**YOUR ASSIGNMENT**
Will you write out the data exactly, excluding every picture?

Extracted data entries
===============
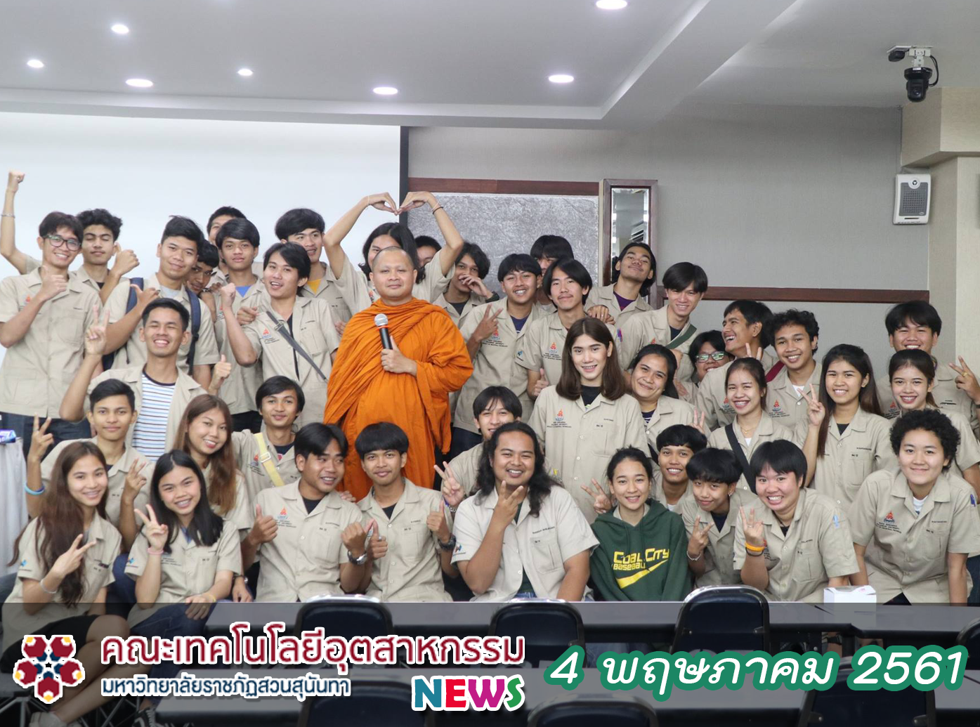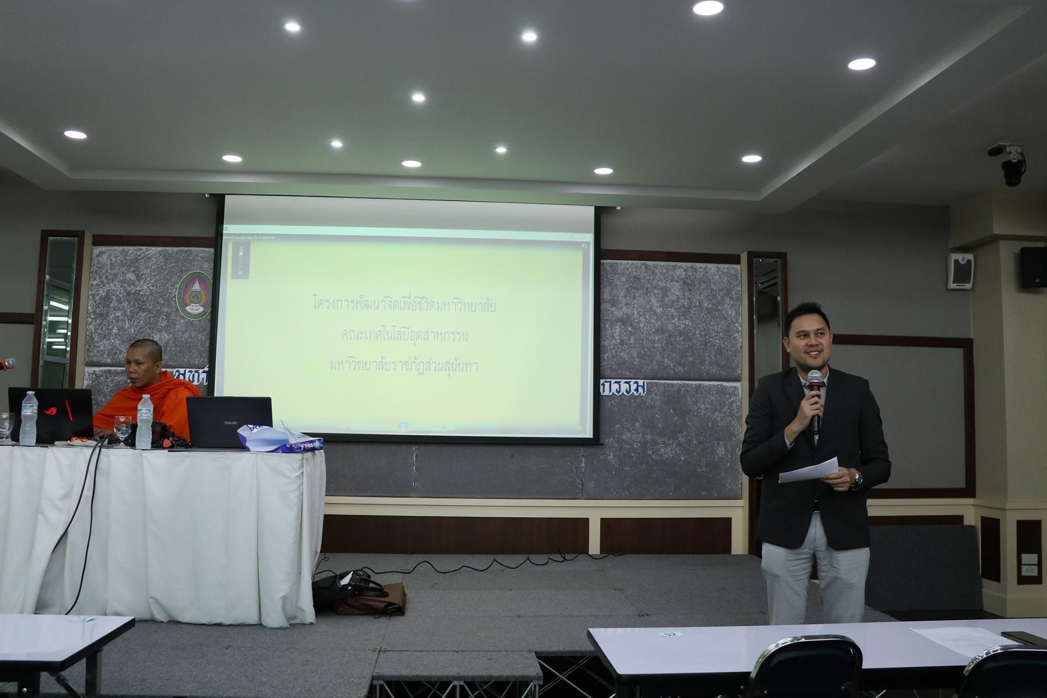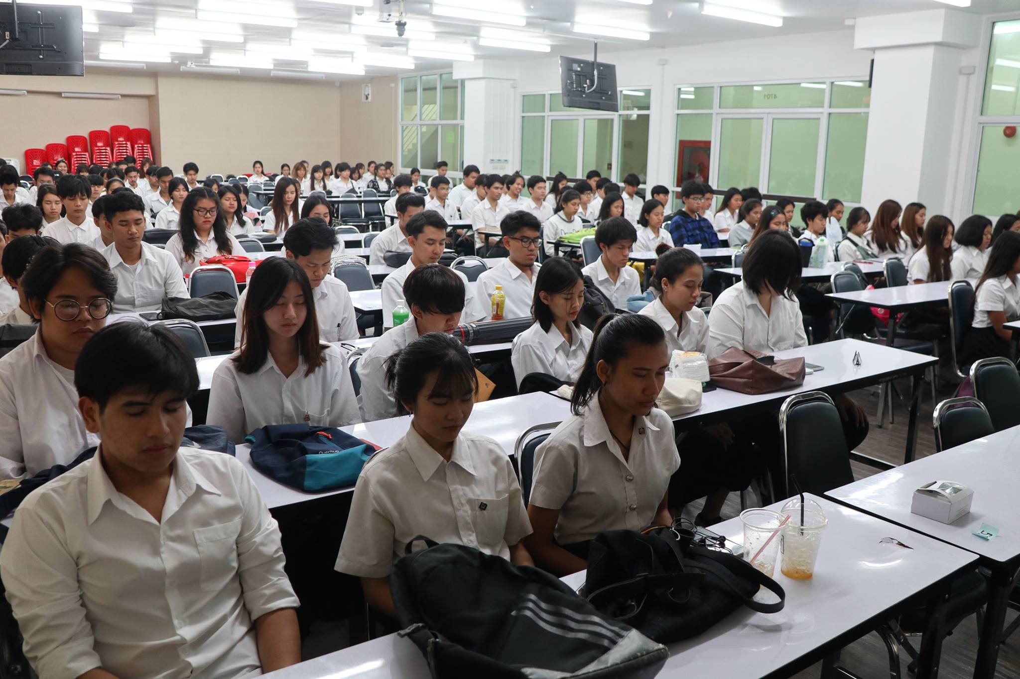 เมื่อวันศุกร์ที่ 4 พฤษภาคม 2561 ฝ่ายกิจการนักศึกษาและศิลปวัฒนธรรม ได้จัดโครงการ “ปฏิบัติธรรมนำสุข” ขึ้น ให้กับนักศึกษาชั้นปีที่ 2 - 3 ทุกสาขาวิชา ณ ห้อง 4701 วัตถุประสงค์เพื่อปลูกฝังจิตสำนึกในการรักความถูกต้องและมีความกล้าหาญทางจริยธรรม เพื่อส่งเสริมและพัฒนานักศึกษาด้านคุณธรรม จริยธรรม ให้มีความซื่อสัตย์สุจริตต่อตนเองและผู้อื่น ทั้งนี้มีนักศึกษาให้ความสนใจในการเข้าร่วมกิจกรรมเป็นจำนวนมาก
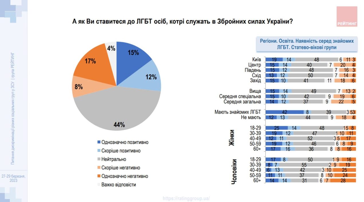Щодо ставлення до ЛГБТ-спільноти в лавах ЗСУ, то в 44% опитаних воно нейтральне; у 17% – однозначно негативне, у 8% – радше негативне.
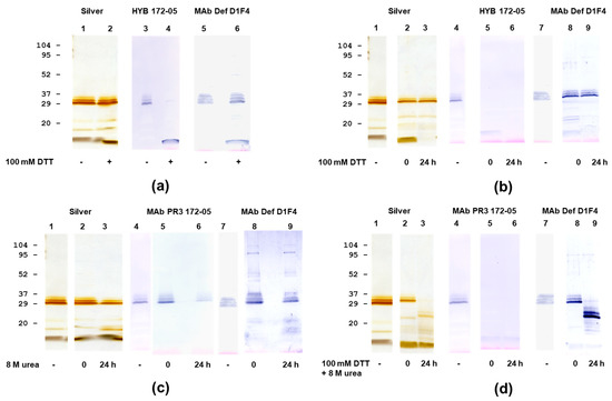 Immunoblotting analysis of PR3 (Wieslab). (a). Effect of DTT (100 mM) reduction during sample preparation. (b) Effect of long-term high concentration of DTT (100 mM) treatment. (c) Effect of long term 8 M urea treatment. (d) Effect of long term 8 M urea + 100 mM DTT treatment.
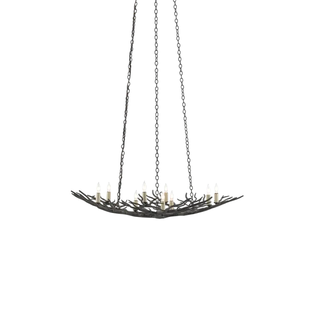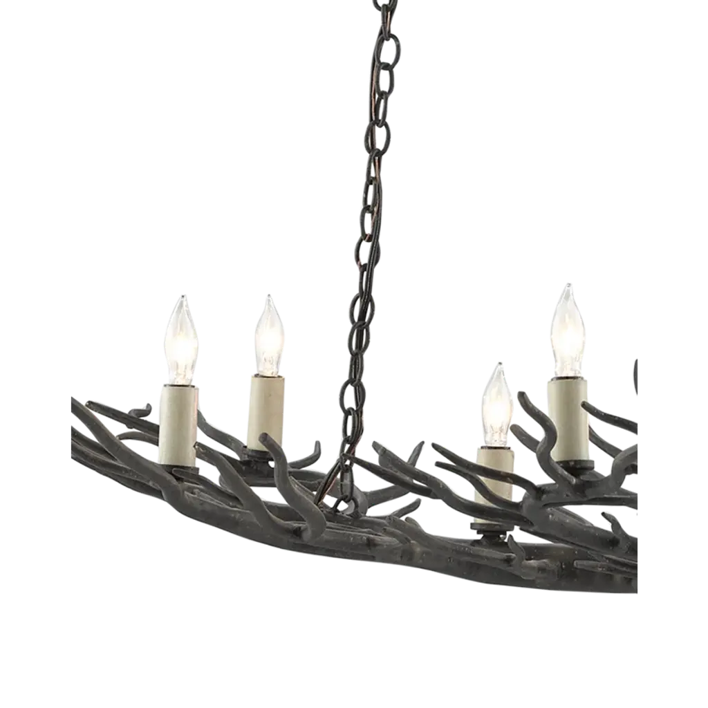Our Rainforest Bronze Chandelier has fourteen lights nestled within the hand-forged wrought iron shade of this fixture. The limbs, in a rustic bronze finish, are life-like as they cup the bulbs placed so skillfully on them. We also offer the chandelier in gesso white and silver leaf finishes, and in a smaller bronze chandelier.
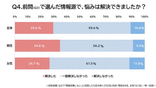 「前問で選択した“最初の情報収集手段”で悩みは解決できたか」を尋ねたところ、59.6%が「一部解決しなかった」、10.8%が「解決しなかった」と回答し、合わせて70.4%が十分に解決できていない実態が明らかになりました。多くの子育て世代の悩み解決手段は、インターネット検索やSNSなど“手軽なネット情報”に頼りつつも、それだけでは答えにたどり着けていない状況が推察できます。
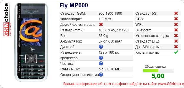 У Тебя есть свой сайт? Хочешь где-то разместить информацию о базовых данных мобильника Fly MP600 ? Это запросто устроить. Достаточно скачать картинку или скопировать и разместить на соответствующем сайте нижерасположенный код:Размещение этого кода вызовет появление нижерасположенной картинки:
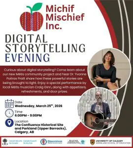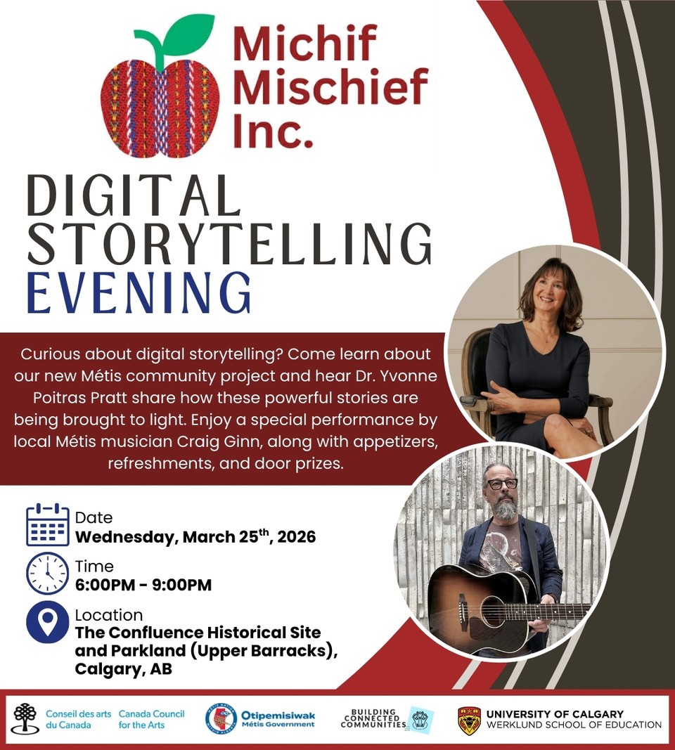 We invite you to join us for an evening of Métis Digital Storytelling at The Confluence as Michif Mischief Inc. shares an exciting new project focused on creating digital stories of Métis people in Southern Alberta. Dr. Yvonne Poitras Pratt will offer a behind-the-scenes look at the creative process and share insights into how these meaningful stories are brought to life. During the evening, enjoy a special musical performance by Métis artist Craig Ginn, along with appetizers, refreshments, and door prizes. This will be an evening of story, connection, and community as we celebrate Métis voices and experiences.
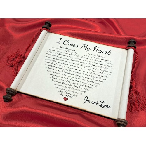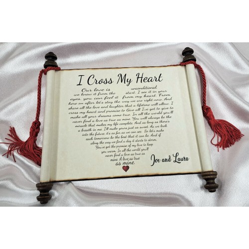"I Cross My Heart Scroll Plaque" is 8 1/2 x 11 inches and comes printed on natural cream parchment with walnut stain finials and a wood backing for easy hanging. Have it "Personalized" with your names.
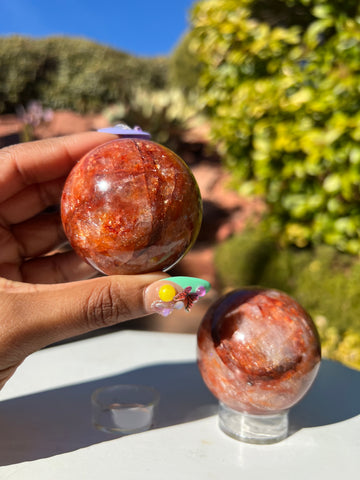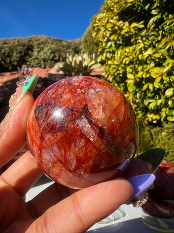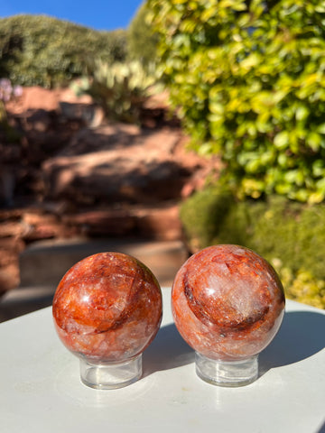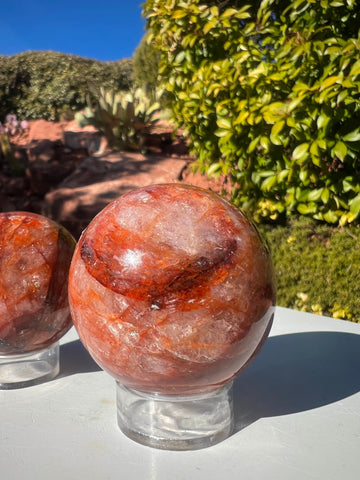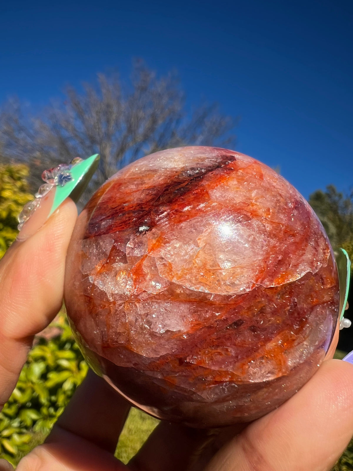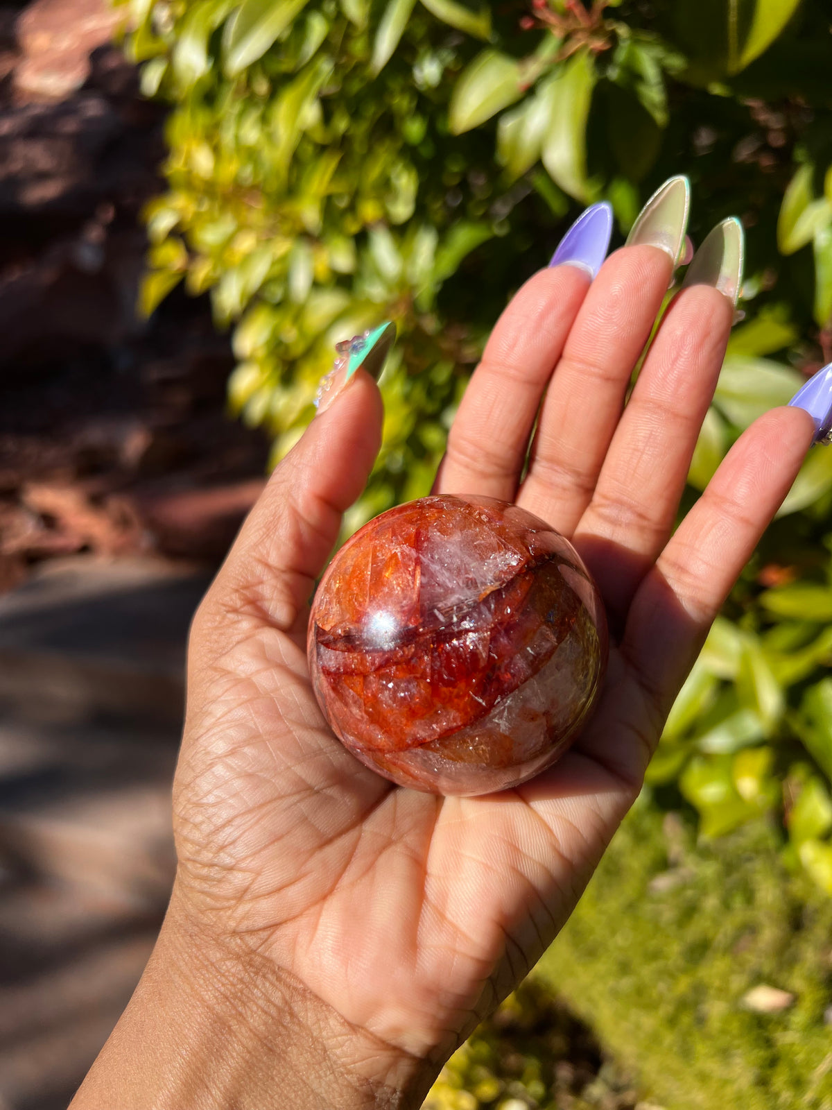 This sphere is natural hematoid quartz that has been heat-treated to enhance the fiery red color! 🔥Â
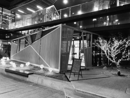 小眾書坊位于北京市南鑼鼓巷毗鄰的后圓恩寺胡同,周圍環(huán)境比較清靜。相比之下,因優(yōu)越的地理位置,雍和書庭周圍交通更為便利。沿著雍和宮橋向北走400多米,就可以看到位于地壇東門對(duì)面的雍和宮壹中心,走下樓梯,正對(duì)著一處四面落地玻璃的建筑,就是雍和書庭。在四圍的木格子和日本式枯山水裝飾下,這家玻璃書店顯得既有些隱秘又足夠開放。走在北京春天的街頭,透過雍和書庭的燈光,讓人深深感受到閱讀帶來的寧靜與溫暖。
===============
**SOLUTION FOR THIS TASK**
 เมื่อวันศุกร์ที่ 4 พฤษภาคม 2561 ฝ่ายกิจการนักศึกษาและศิลปวัฒนธรรม ได้จัดโครงการ “ปฏิบัติธรรมนำสุข” ขึ้น ให้กับนักศึกษาชั้นปีที่ 2 - 3 ทุกสาขาวิชา ณ ห้อง 4701 วัตถุประสงค์เพื่อปลูกฝังจิตสำนึกในการรักความถูกต้องและมีความกล้าหาญทางจริยธรรม เพื่อส่งเสริมและพัฒนานักศึกษาด้านคุณธรรม จริยธรรม ให้มีความซื่อสัตย์สุจริตต่อตนเองและผู้อื่น ทั้งนี้มีนักศึกษาให้ความสนใจในการเข้าร่วมกิจกรรมเป็นจำนวนมาก
Щодо ставлення до ЛГБТ-спільноти в лавах ЗСУ, то в 44% опитаних воно нейтральне; у 17% – однозначно негативне, у 8% – радше негативне.
 Immunoblotting analysis of PR3 (Wieslab). (a). Effect of DTT (100 mM) reduction during sample preparation. (b) Effect of long-term high concentration of DTT (100 mM) treatment. (c) Effect of long term 8 M urea treatment. (d) Effect of long term 8 M urea + 100 mM DTT treatment.
Our Rainforest Bronze Chandelier has fourteen lights nestled within the hand-forged wrought iron shade of this fixture. The limbs, in a rustic bronze finish, are life-like as they cup the bulbs placed so skillfully on them. We also offer the chandelier in gesso white and silver leaf finishes, and in a smaller bronze chandelier.
 「前問で選択した“最初の情報収集手段”で悩みは解決できたか」を尋ねたところ、59.6%が「一部解決しなかった」、10.8%が「解決しなかった」と回答し、合わせて70.4%が十分に解決できていない実態が明らかになりました。多くの子育て世代の悩み解決手段は、インターネット検索やSNSなど“手軽なネット情報”に頼りつつも、それだけでは答えにたどり着けていない状況が推察できます。
 У Тебя есть свой сайт? Хочешь где-то разместить информацию о базовых данных мобильника Fly MP600 ? Это запросто устроить. Достаточно скачать картинку или скопировать и разместить на соответствующем сайте нижерасположенный код:Размещение этого кода вызовет появление нижерасположенной картинки:
 We invite you to join us for an evening of Métis Digital Storytelling at The Confluence as Michif Mischief Inc. shares an exciting new project focused on creating digital stories of Métis people in Southern Alberta. Dr. Yvonne Poitras Pratt will offer a behind-the-scenes look at the creative process and share insights into how these meaningful stories are brought to life. During the evening, enjoy a special musical performance by Métis artist Craig Ginn, along with appetizers, refreshments, and door prizes. This will be an evening of story, connection, and community as we celebrate Métis voices and experiences.
"I Cross My Heart Scroll Plaque" is 8 1/2 x 11 inches and comes printed on natural cream parchment with walnut stain finials and a wood backing for easy hanging. Have it "Personalized" with your names.
 This sphere is natural hematoid quartz that has been heat-treated to enhance the fiery red color! 🔥Â
 小眾書坊位于北京市南鑼鼓巷毗鄰的后圓恩寺胡同,周圍環(huán)境比較清靜。相比之下,因優(yōu)越的地理位置,雍和書庭周圍交通更為便利。沿著雍和宮橋向北走400多米,就可以看到位于地壇東門對(duì)面的雍和宮壹中心,走下樓梯,正對(duì)著一處四面落地玻璃的建筑,就是雍和書庭。在四圍的木格子和日本式枯山水裝飾下,這家玻璃書店顯得既有些隱秘又足夠開放。走在北京春天的街頭,透過雍和書庭的燈光,讓人深深感受到閱讀帶來的寧靜與溫暖。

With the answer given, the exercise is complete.